All couples fight. Some fight much more than others, but all couples fight at least occasionally. And while fighting is very rarely enjoyable, it can be useful; people need a chance to express, and hopefully resolve, the problems that they are experiencing. Therefore, the goal should not be to avoid fights altogether, but simply to fight well. 

Pick Your Fights

Although fights can be healthy and productive, couples should not fight constantly, and continuous bickering is never ideal. You need to pick your fights. Nobody is perfect, and it is unfair to complain about every single imperfection that you see in your significant other. Additionally, if you complain about every little thing, you will never be taken seriously; when you have a major complaint, your whining will probably fall on deaf ears.

You should also learn to recognize when you are mad because your significant other did something wrong and when you are mad simply because you are in a bad mood. Fighting because you are stressed, tired, hungry, or cranky for any other reason will not accomplish anything. And, if you are already irritable, you will probably not be able to fight in a constructive manner – but more on that in a moment. 

Don’t Yell

Now that you know how to pick the right fight, the right place, and the right time, you need to know how to fight effectively. Do not yell. Do not scream. The two of you are, presumably, in the same room, so you do not have to worry about being heard. If you yell, your significant other will respond to the yelling, not to the actual words that you say.

Don’t Insult

Name calling will only make things worse, so don’t do it. Remember that you are supposed to care about this person a great deal, so surely you don’t think that he or she is a horrible person who deserves to be insulted. State the actual reason why you are mad, that is, the event or behavior that upset you. Also state why this behavior is upsetting, and how you would like things to change. Remember that you are a team, too; you should accept responsibility for your role in the problem.
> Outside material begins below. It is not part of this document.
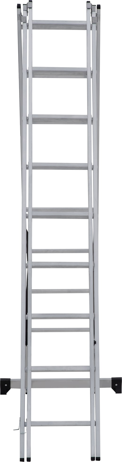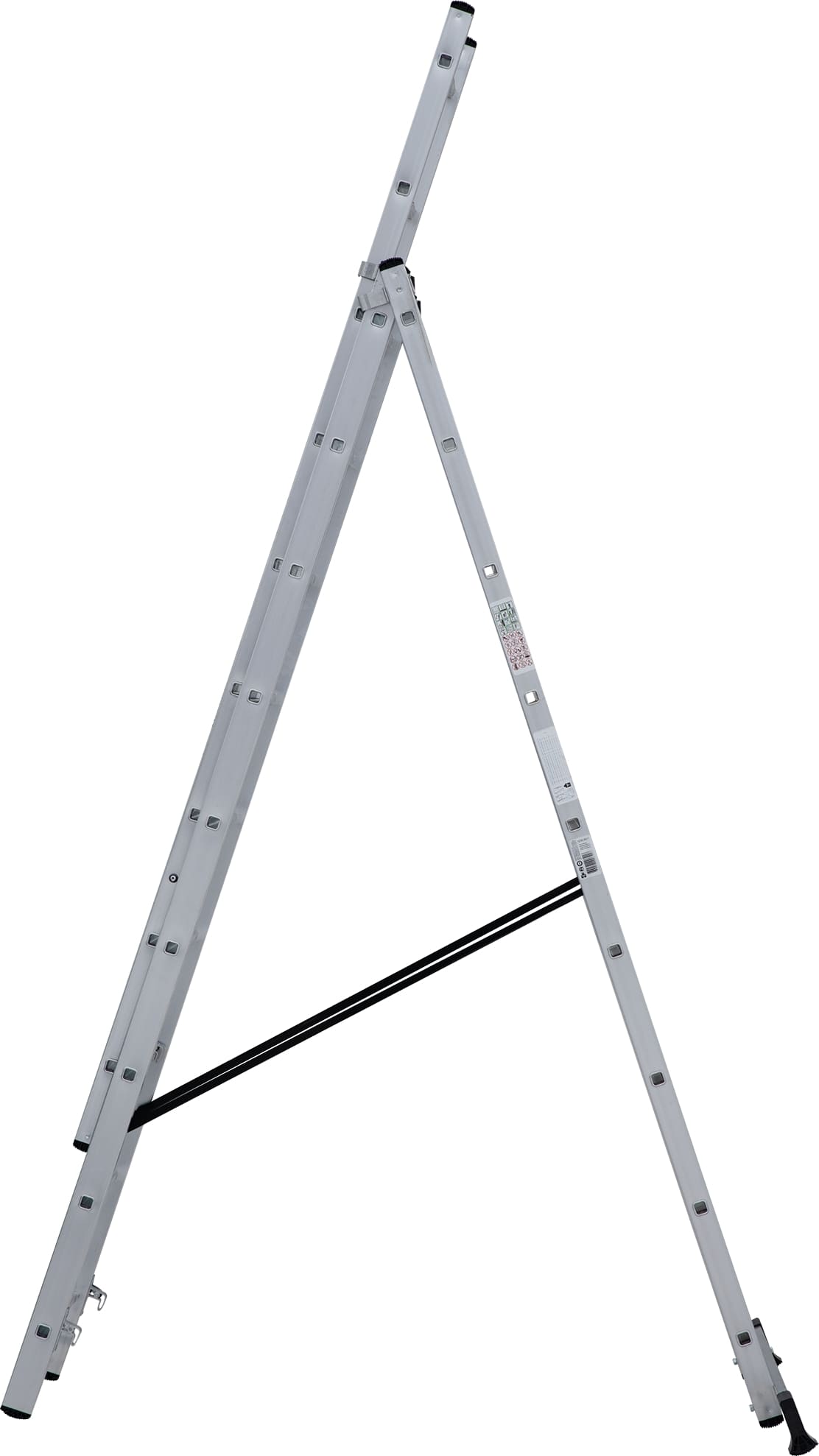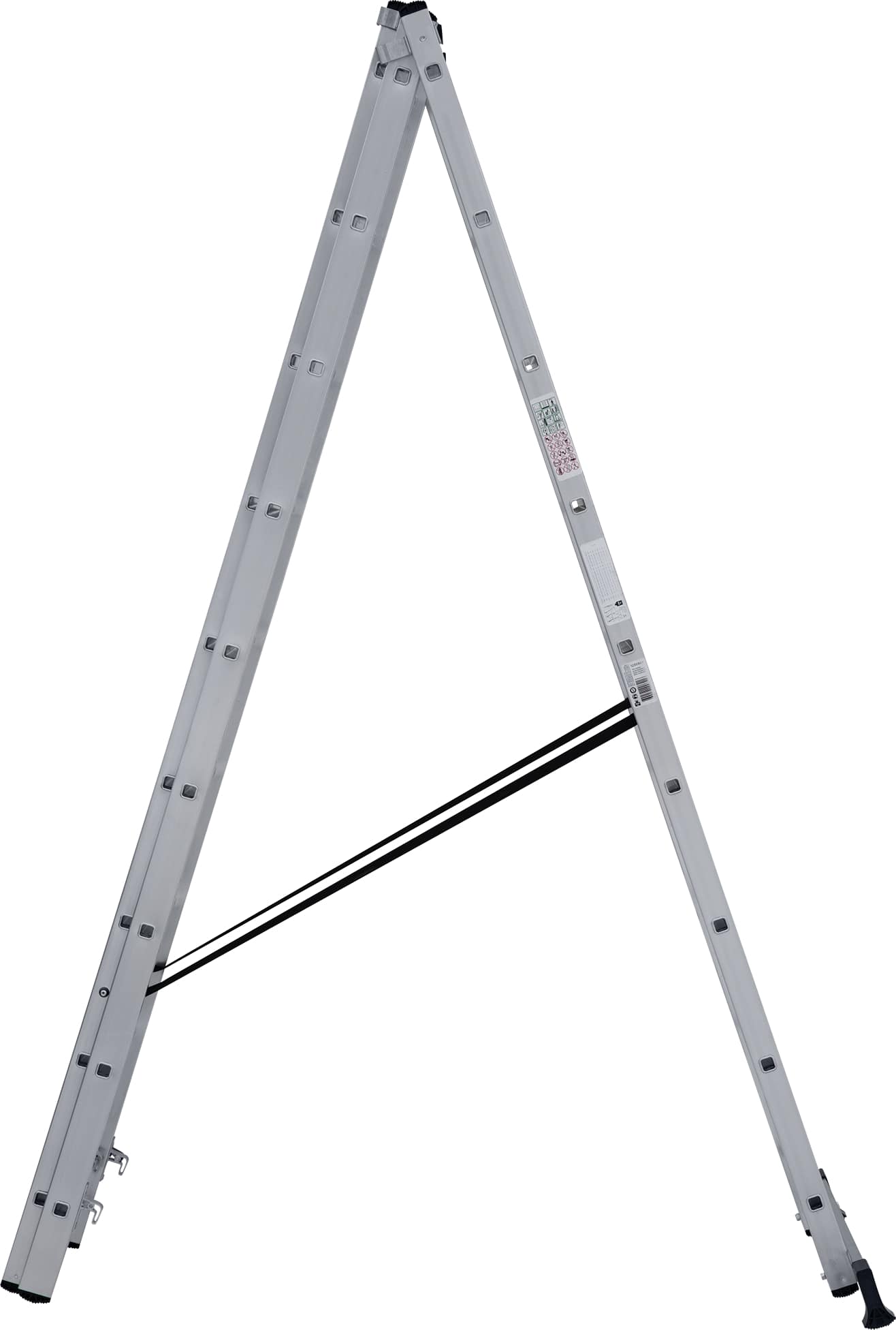Лестница трехсекционная – это универсальная лестница, которая может использоваться в разных режимах: как приставная, раздвижная, двухсторонняя стремянка, стремянка с выдвижной секцией и лестничный марш.

Let’s put the above advice into a more concrete example. Couples often fight about money, a very important and stressful issue, so let’s use a fight over money as an example. A good way to approach this problem is to say something like: “I’m worried that you have been spending too much money; I’ve probably been spending too much, too. We need to be more frugal if we’re going to buy that home we want.” A bad way to approach the same topic would be: “You idiot! Do you think money grows on trees?”